Start of DATA SECTION
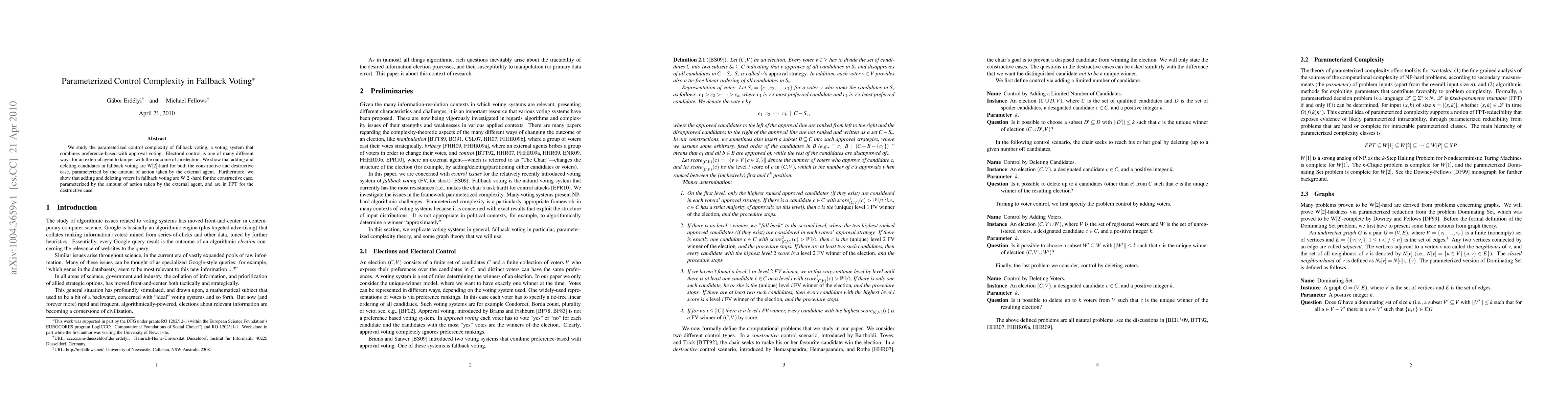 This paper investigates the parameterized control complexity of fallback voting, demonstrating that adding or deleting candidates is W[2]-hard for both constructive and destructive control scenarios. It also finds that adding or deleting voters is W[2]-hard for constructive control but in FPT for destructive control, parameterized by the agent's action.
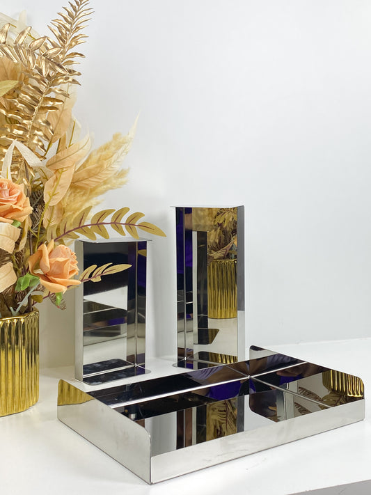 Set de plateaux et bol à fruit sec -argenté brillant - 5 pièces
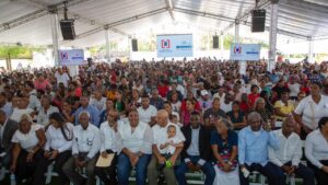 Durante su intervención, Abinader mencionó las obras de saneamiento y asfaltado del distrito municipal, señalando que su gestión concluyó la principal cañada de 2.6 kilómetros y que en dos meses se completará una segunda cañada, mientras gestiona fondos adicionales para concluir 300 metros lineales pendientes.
End of DATA SECTION
WHAT THIS TASK INVOLVES
With the pictures left out, write out all of the data exactly.

TASK SOLUTION
 This paper investigates the parameterized control complexity of fallback voting, demonstrating that adding or deleting candidates is W[2]-hard for both constructive and destructive control scenarios. It also finds that adding or deleting voters is W[2]-hard for constructive control but in FPT for destructive control, parameterized by the agent's action.
 Set de plateaux et bol à fruit sec -argenté brillant - 5 pièces
 Durante su intervención, Abinader mencionó las obras de saneamiento y asfaltado del distrito municipal, señalando que su gestión concluyó la principal cañada de 2.6 kilómetros y que en dos meses se completará una segunda cañada, mientras gestiona fondos adicionales para concluir 300 metros lineales pendientes.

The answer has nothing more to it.